September is the golden month

2011-SEP-02

gold moneyThe price of gold has started September on a strong footing. Spot gold is now trading at $1,850 per troy ounce, setting its sights on $1,900.

September is traditionally a very strong month for gold thanks to Indian demand, driven by the upcoming festival season. This year promises to top all previous benchmarks, as investment demand for gold continues to grow and is spurred rather than deterred by high prices. In a King World News interview yesterday James Turk warned that we could easily see $2,000 within a month or two.

Silver, the other monetary metal, is also showing strength in the face of lower commodity prices. Despite an over 10% drop in crude oil prices in the past months, silver has held onto the $40 per ounce level and could soon resume its path to $50 an ounce. Spot silver is currently trading at $42.3 per ounce. With over 10,000 industrial applications, silver is second only to oil as a necessary commodity for industrial civilization, although arguably its monetary function is even more important than its industrial uses. A decoupling of silver prices from other commodities could signal a growing appreciation of its monetary properties, with very positive implications for its price.

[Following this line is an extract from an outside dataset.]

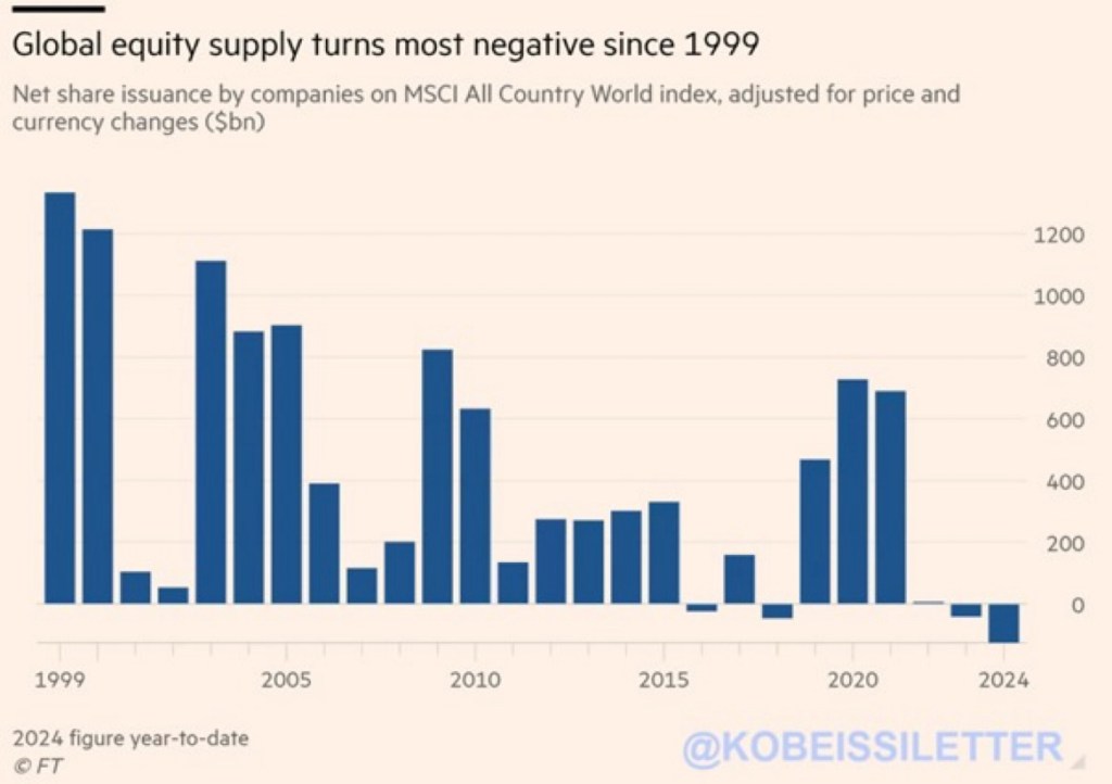 🚨 🚨 Global equity supply is now the most negative it has been since 1999. Year to date, global public equity supply has declined by $120 billion. Goldman Sachs expects stock buybacks to cross $1 trillion for the first time ever in 2025. Bullish sentiment is so strong that corporations want their stock back
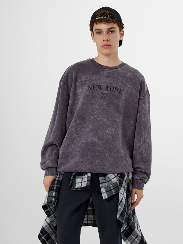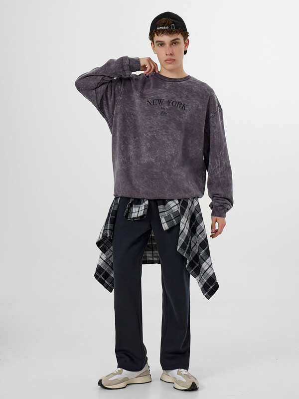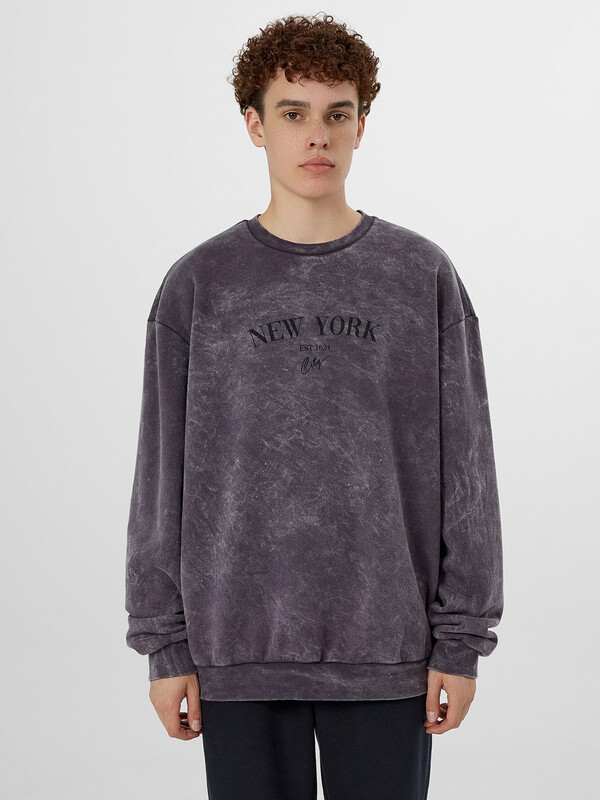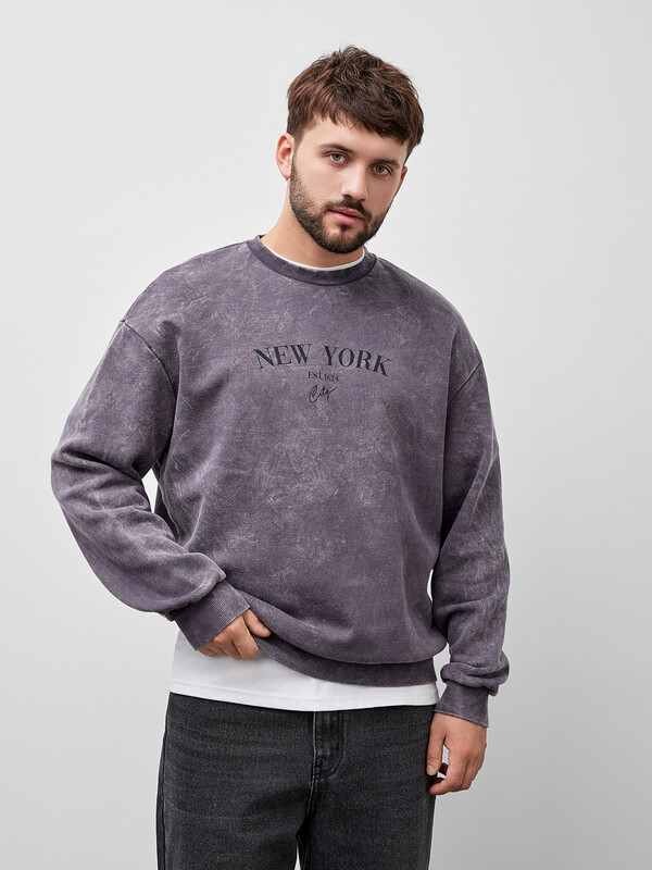 Теплый мужской свитшот из трикотажного футера с нежным подчесом. Силуэт прямой, вырез классический – круглый, не глубокий. Рукава длинные, на манжетах из рибаны. Спущенная линия плеча дарит свободу движений. Пояс, проходящий по нижнему срезу, также сделан из рибаны. Отличный свитшот для городских образов.

Gold money and a possible return to the gold standard is starting to become a major issue in US politics, prompting former presidential candidate and magazine editor Steve Forbes to forecast that the dollar will again be backed by gold in as little as 5 years. Considering that one contender in the ongoing Republican primaries is a major proponent of the gold standard and another of the frontrunners has spoken favourably of it, the issue will certainly be discussed in the 2012 elections.

The major media has caught a whiff of this wind of change and we are seeing increasing coverage not only of gold, but also of gold as money. Reporting is still strongly biased against gold, but it is still a major shift from previous neglect. A prime example of this is this CNBC piece, which includes a poll on a return to a gold standard in which an overwhelming majority of participants (68%) voted in favour. The panel discussion shows us James Grant, of Grant’s Interest Rate Observer, beset by other commentators whose views of gold money are clearly very negative. The animation clip showing the “history” of the gold standard looks like an advertisement against it, including some gross misrepresentations of history. Thankfully, as the poll shows, viewers seem ever more immune to these attack pieces.

Markets are also waking up to the advantages of diversifying into hard assets, although as Adrian Ash points out here, there is still a large disparity between the 34% of investors that think that gold is a great safe haven and those that actually own it, with less than 1% of US household wealth net worth invested in gold.